Exercise aim
Beginning with the line that contains "Такой комплект действительно" and ending with the line that contains "2021년 4월 23일", reproduce the lines of the entries below exactly, omitting pictures.

Listed entries
---*---

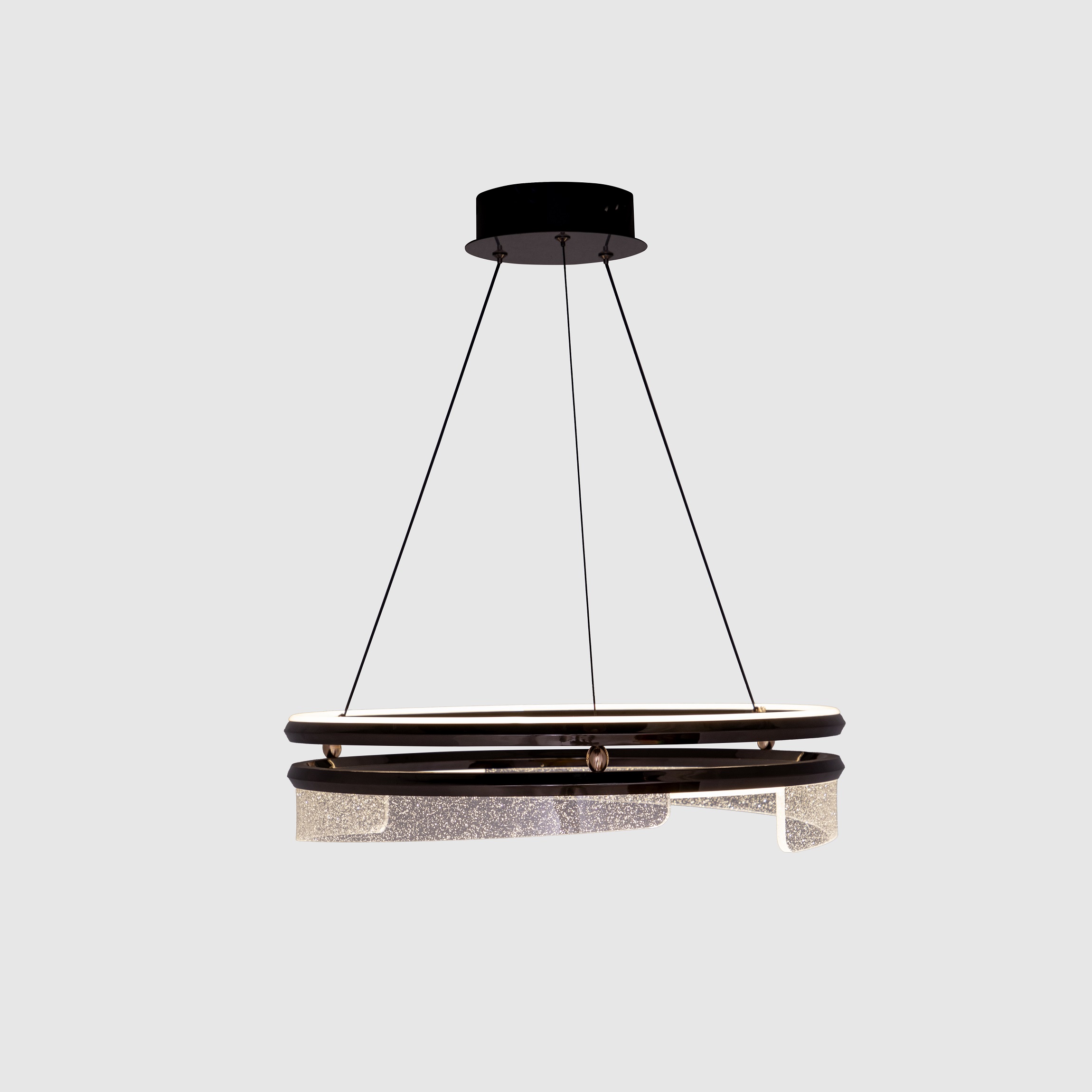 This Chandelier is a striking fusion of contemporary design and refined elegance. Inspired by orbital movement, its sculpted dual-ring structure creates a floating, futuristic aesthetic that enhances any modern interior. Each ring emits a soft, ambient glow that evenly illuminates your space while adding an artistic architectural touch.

---*---

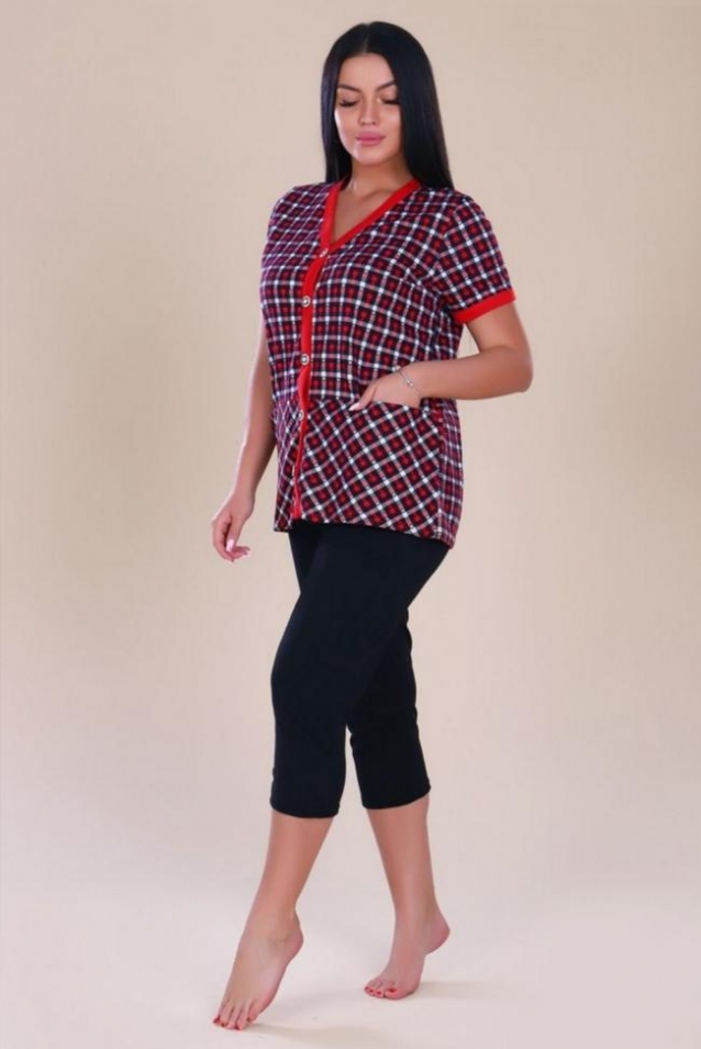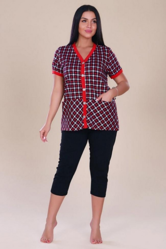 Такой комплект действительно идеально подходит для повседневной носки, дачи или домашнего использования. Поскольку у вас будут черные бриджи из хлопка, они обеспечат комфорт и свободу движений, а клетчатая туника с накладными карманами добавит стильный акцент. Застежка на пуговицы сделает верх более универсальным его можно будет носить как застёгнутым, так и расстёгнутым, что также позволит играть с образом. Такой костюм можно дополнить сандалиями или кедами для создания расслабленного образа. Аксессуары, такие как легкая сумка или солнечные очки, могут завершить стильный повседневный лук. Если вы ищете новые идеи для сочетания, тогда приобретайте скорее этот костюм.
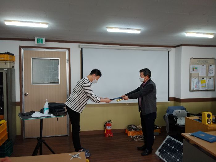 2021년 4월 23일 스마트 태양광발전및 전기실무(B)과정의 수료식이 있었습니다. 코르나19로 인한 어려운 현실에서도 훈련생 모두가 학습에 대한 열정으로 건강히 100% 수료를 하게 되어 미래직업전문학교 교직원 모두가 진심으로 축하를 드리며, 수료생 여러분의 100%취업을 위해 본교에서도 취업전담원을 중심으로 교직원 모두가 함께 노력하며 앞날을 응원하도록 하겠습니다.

---*---

Exercise answer
 Такой комплект действительно идеально подходит для повседневной носки, дачи или домашнего использования. Поскольку у вас будут черные бриджи из хлопка, они обеспечат комфорт и свободу движений, а клетчатая туника с накладными карманами добавит стильный акцент. Застежка на пуговицы сделает верх более универсальным его можно будет носить как застёгнутым, так и расстёгнутым, что также позволит играть с образом. Такой костюм можно дополнить сандалиями или кедами для создания расслабленного образа. Аксессуары, такие как легкая сумка или солнечные очки, могут завершить стильный повседневный лук. Если вы ищете новые идеи для сочетания, тогда приобретайте скорее этот костюм.
 2021년 4월 23일 스마트 태양광발전및 전기실무(B)과정의 수료식이 있었습니다. 코르나19로 인한 어려운 현실에서도 훈련생 모두가 학습에 대한 열정으로 건강히 100% 수료를 하게 되어 미래직업전문학교 교직원 모두가 진심으로 축하를 드리며, 수료생 여러분의 100%취업을 위해 본교에서도 취업전담원을 중심으로 교직원 모두가 함께 노력하며 앞날을 응원하도록 하겠습니다.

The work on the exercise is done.